Le chanteur n’est jamais montré discutant avec une autre personne. Il n’est jamais montré dans une relation humaine. Il est montré seul, toujours, drapé dans son statut d’artiste trônant au-dessus du commun des mortels. Et Brett Morgen de nous abreuver uniquement de séquences au cours desquelles Bowie nous assomme de théories new-age d’inspiration bouddhistes plus ou moins foireuses et qui ne feraient pas frémir un premier communiant. Qui a besoin qu’on lui explique que l’univers n’est que chaos, que l’impermanence en est une loi intangible, et que lorsque le balancier part d’un coté, il va forcément revenir de l’autre ? On a évité, de justesse je pense, le coup du battement d’ailes de papillon… Mais on a quand même eu droit au « Dieu est mort » nietzschéen...
Suite logique à ce qui précède, nous n’avons d’images de Bowie qu’en situation de représentation. Des extraits de concerts bien-sûr. Des extraits de documentaires sur lui-même où on le voit peindre ou prendre le bateau. Mais également, des interviews au cours desquelles il répond habilement à des questions débiles du style « Est-ce que vous êtes David Bowie ou Ziggy Stardust ? » genre, il ne s’attendait pas du tout à ce qu’on aille sur ce terrain. Un exercice totalement vain donc. Sur une scène comme sur un plateau télé, n’importe quelle personne un peu sensée sait qu’elle participe à un spectacle, a fortiori une rock-star. On reste à la surface, dans l’écume.
A coté de tout ce brassage d’air, Brett ne propose pas une seconde de Bowie en situation de vie. De ces images qui à l’origine ne devraient pas dépasser le cercle privé, ou alors prise sur le vif, sans prévenir, et/ou discrètement, et dans lesquelles le sujet se montrerait au naturel. Pas non plus une seule apparition de quiconque l’aurait bien connu et parlerait de leurs rapports, ou raconterait une anecdote significative.
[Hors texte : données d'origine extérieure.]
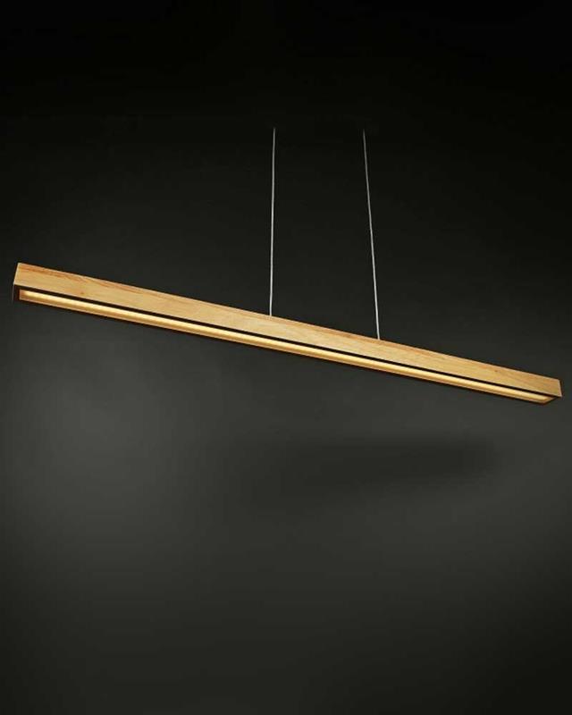 Lámpara de colgar lineal fabricada en madera natural con iluminación LED integrada. Detalles metálicos en acabado cromo.

Pour moi, l’intérêt d’un documentaire sur un monstre sacré résiderait justement dans l’exposition de tout ce qui en fait une personne humaine. Comment par exemple s’articulent sa personnalité, sa vision du monde et sa créativité. Qu’est-ce que c’est, être David Bowie ? Or, sauf à la marge, en interprétant et recoupant quelques passages, tout le procédé filmique, aussi bien dans sa forme que dans son fond, ne vise qu’à asseoir la rock-star dans ce statut. A certifier son génie. A prouver une origine surnaturelle à sa créativité. A montrer son essence quasi-divine. Dans certaines séquences, les images psychédéliques qui accompagnent le son visent vraisemblablement à nous élever à un niveau de compréhension de la musique que nous n’avions pas, crétins que nous sommes, perçus de nous-même. En résumé, Brett Morgen s’emploie à élever un piédestal encore plus haut que celui sur lequel trônait déjà Bowie. Personnellement, je ne vois pas l’intérêt.